The application is composed of the following 3 services:

emojivoto-web: Web frontend and REST API
emojivoto-emoji-svc: gRPC API for finding and listing emoji
emojivoto-voting-svc: gRPC API for voting and leaderboard

Besides using gRPC, the application does not come with mutual TLS support out of the box. We will use Envoy and step-sds as a highly simplified service mesh that will handle the communications between services using mutual TLS.

In our example, all the services will be behind an ingress proxy and a TLS certificate will be available for all of them. Both gRPC services will require a client certificate from our internal Certificate Authority, so only mTLS connections will be allowed.
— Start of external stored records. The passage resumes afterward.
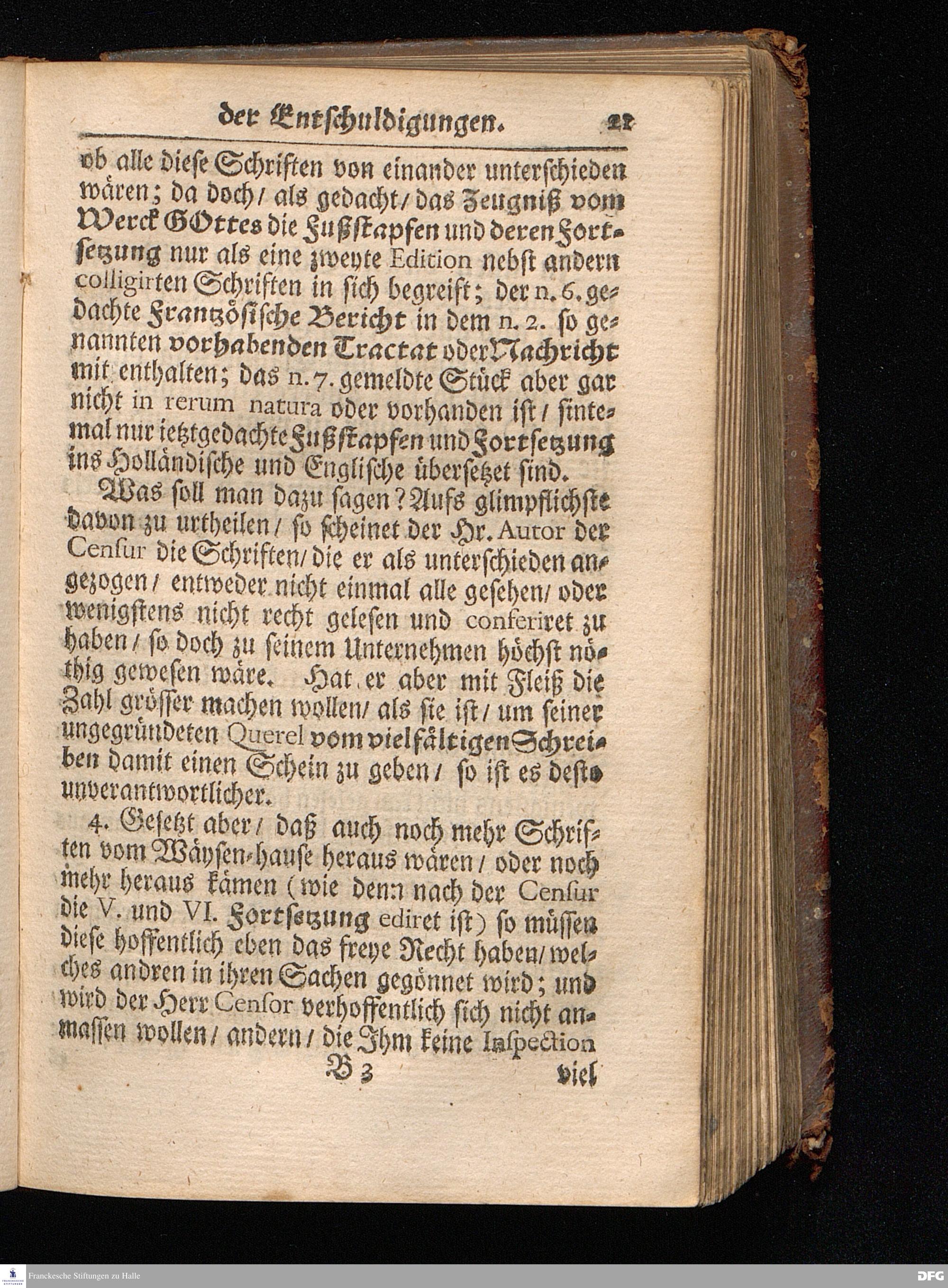 Segens=volle Fußstapfen des noch lebenden und waltenden liebreichen und getreuen GOttes / Zur Beschämung des Unglaubens und Stärckung des Glaubens entdecket durch eine wahrhafte und umständliche Nachricht von dem Wäysen=Hause und übrigen Anstalten zu Glaucha vor Halle: Welche im Jahr 1701. zum Druck befördert; ietzo aber zum dritten mal ediret / und bis auf gegenwärtiges Jahr fortgesetzet von August.Herm.Francken / S.Theol.Prof.und Past. Halle / in Verlegung des Wäysen=hauses / MDCCIX.
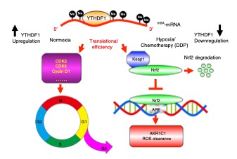 通过合作研究,中科院昆明动物所陈勇彬学科组前期利用进化生物学的方法,筛选得到一系列青藏高原家养哺乳动物低氧适应的关键新分子,并发现许多已报道的肿瘤明星基因在高原家养哺乳动物中受到正选择,提示低氧适应新基因在低氧实体瘤中具有潜在重要功能。研究发现YTHDF1作为m6A修饰后的RNA结合蛋白家族成员之一,在高原家养哺乳动物中低表达,而在正常肺上皮细胞中抑制其表达可以抵抗低氧诱导的细胞凋亡。进一步深入研究发现,YTHDF1在非小细胞肺癌肿瘤组织和细胞系中均高表达,其在常氧条件下通过加速CDK2和CDK4等细胞周期蛋白的表达来促进肿瘤细胞的增殖;而在铂类药物为主的化疗压力环境下,由于YTHDF1高表达促进了Keap1蛋白的表达,导致Nrf2转录因子的迅速降解和下游耐药基因AKR1C1的沉默,因此肿瘤患者对化疗更敏感且总生存时间更长。
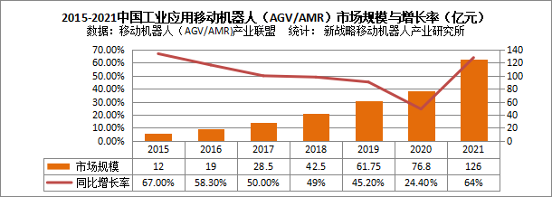 2022年,根據(jù)移動機器人(AGV/AMR)產(chǎn)業(yè)聯(lián)盟數(shù)據(jù)、新戰(zhàn)略移動機器人產(chǎn)業(yè)研究所初步統(tǒng)計,中國移動機器人市場規(guī)模增長預計超過40%。
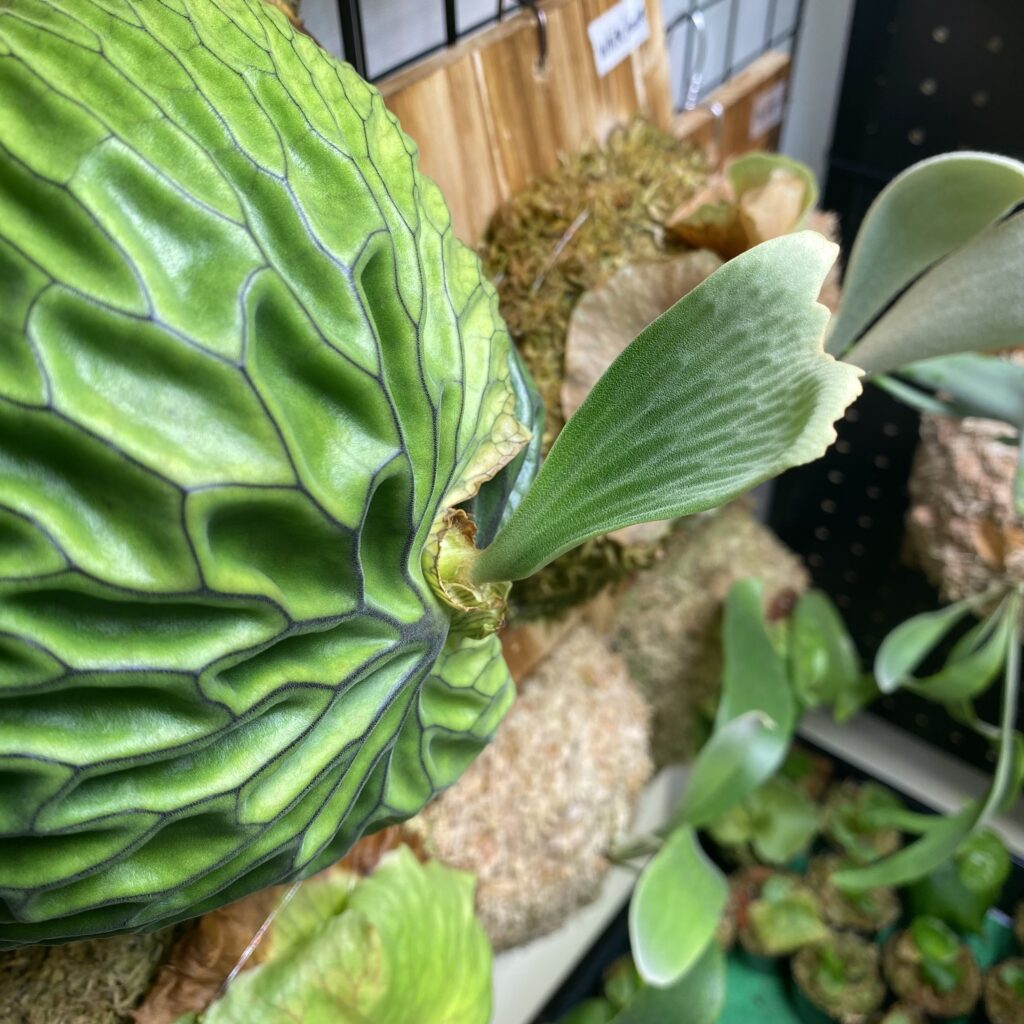 現地では貯水葉の隙間にアリを住まわせて、有機物を運んでもらい共生しているらしい。
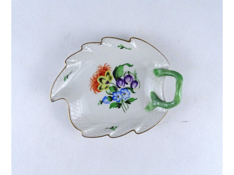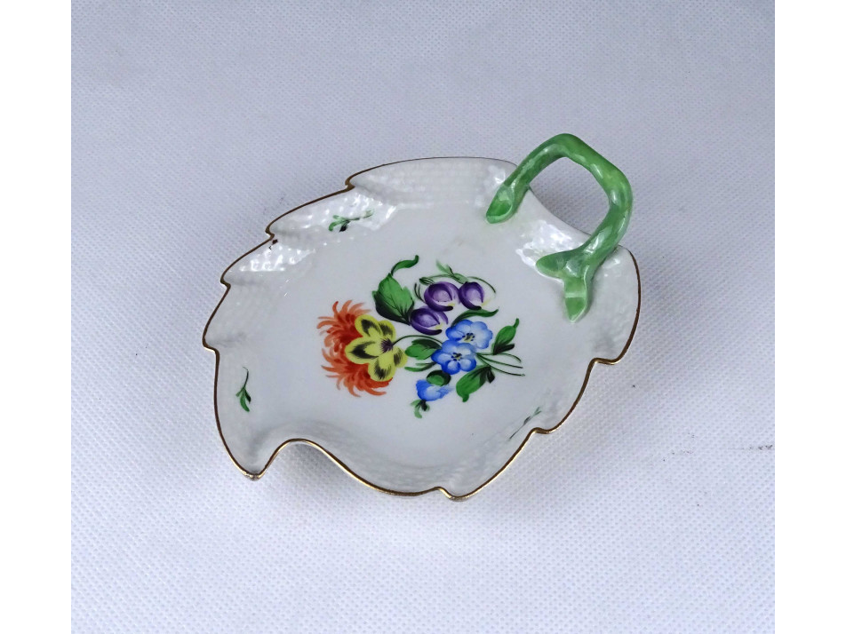 Virágmintás levél alakú Herendi porcelán tálka hamutál 14.2 cm
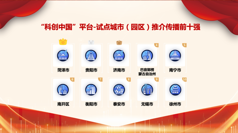 截至2021年底,“科创中国”平台-试点城市建设综合排行前十强的城市有:陕西西咸新区、浙江宁波、贵州贵阳、江苏徐州、辽宁大连、广东广州、山东菏泽、天津南开区、山东济南、河北保定。“科创中国”平台-试点城市资源汇聚前十强有辽宁大连、陕西西咸新区、江苏徐州等,转化对接前十强有江西南昌国家高新区、陕西西咸新区、内蒙古包头等,推介传播前十强有山东菏泽、贵州贵阳、山东济南等。
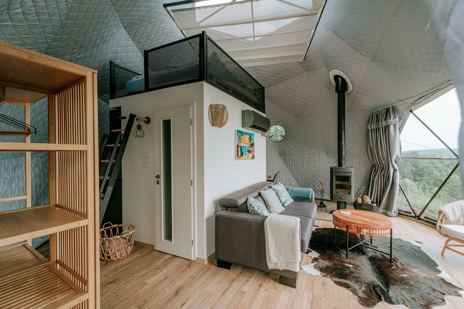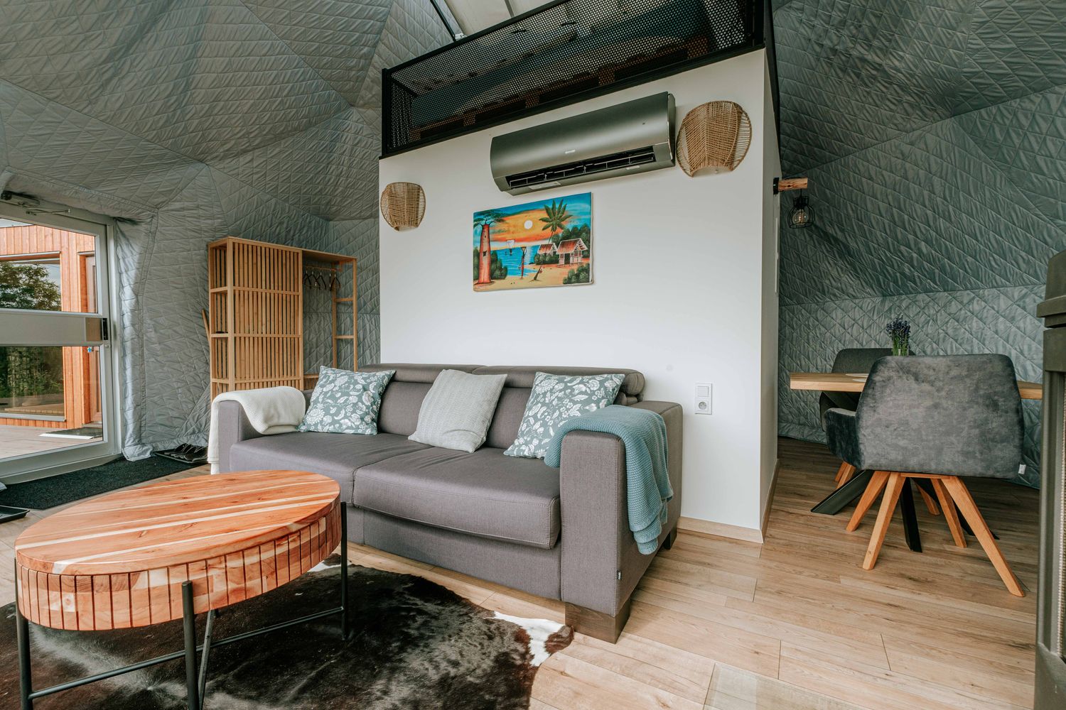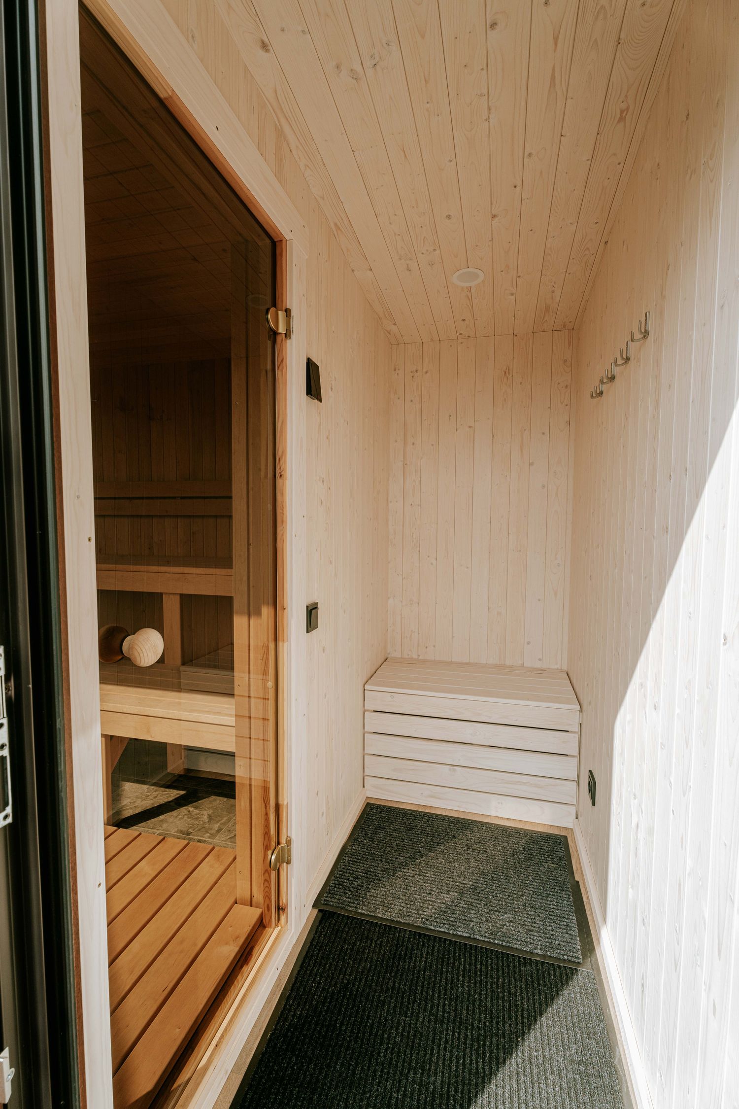 Uvnitř najdete pohodlné vybavení, plně vybavenou kuchyňku a moderní koupelnu pro váš maximální komfort. Po celý den můžete relaxovat v naší vířivce nebo sauně, které jsou k dispozici pro vaše pohodlí a relaxaci.
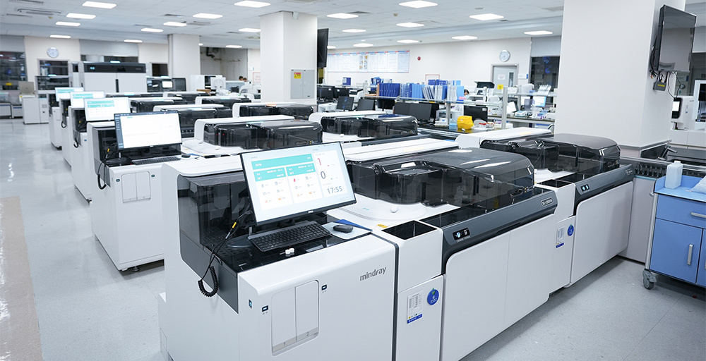 走进整合了血球、生化、免疫、凝血、糖化血红蛋白及特种蛋白检测的多学科的东莞康华检验科数智实验室,繁复的人工操作已成过去,但检验前、中、后的每一环节依然被精准控制。
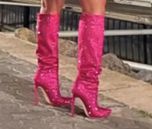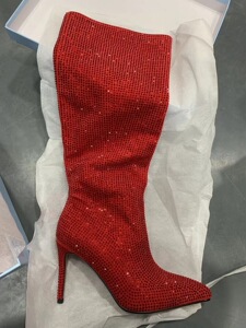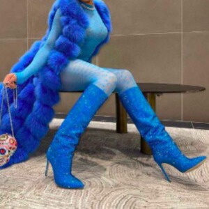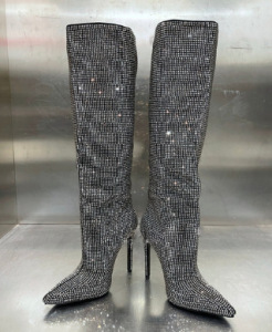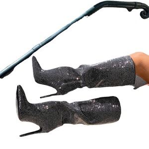 2025年新作 外貿 欧米風 星型ラインストーン付き ポインテッドトゥ 細ヒール 超ハイヒール ニーハイブーツ 大きいサイズ ランウェイ レディースブーツ

The web service that is the one connecting to the gRPC services will use an egress proxy in Envoy with a client certificate, so it will be able to connect to it.

The emojivoto example uses kubernetes, so you will need to have access to a kubernetes cluster, if you don't minikube or docker provides you with options.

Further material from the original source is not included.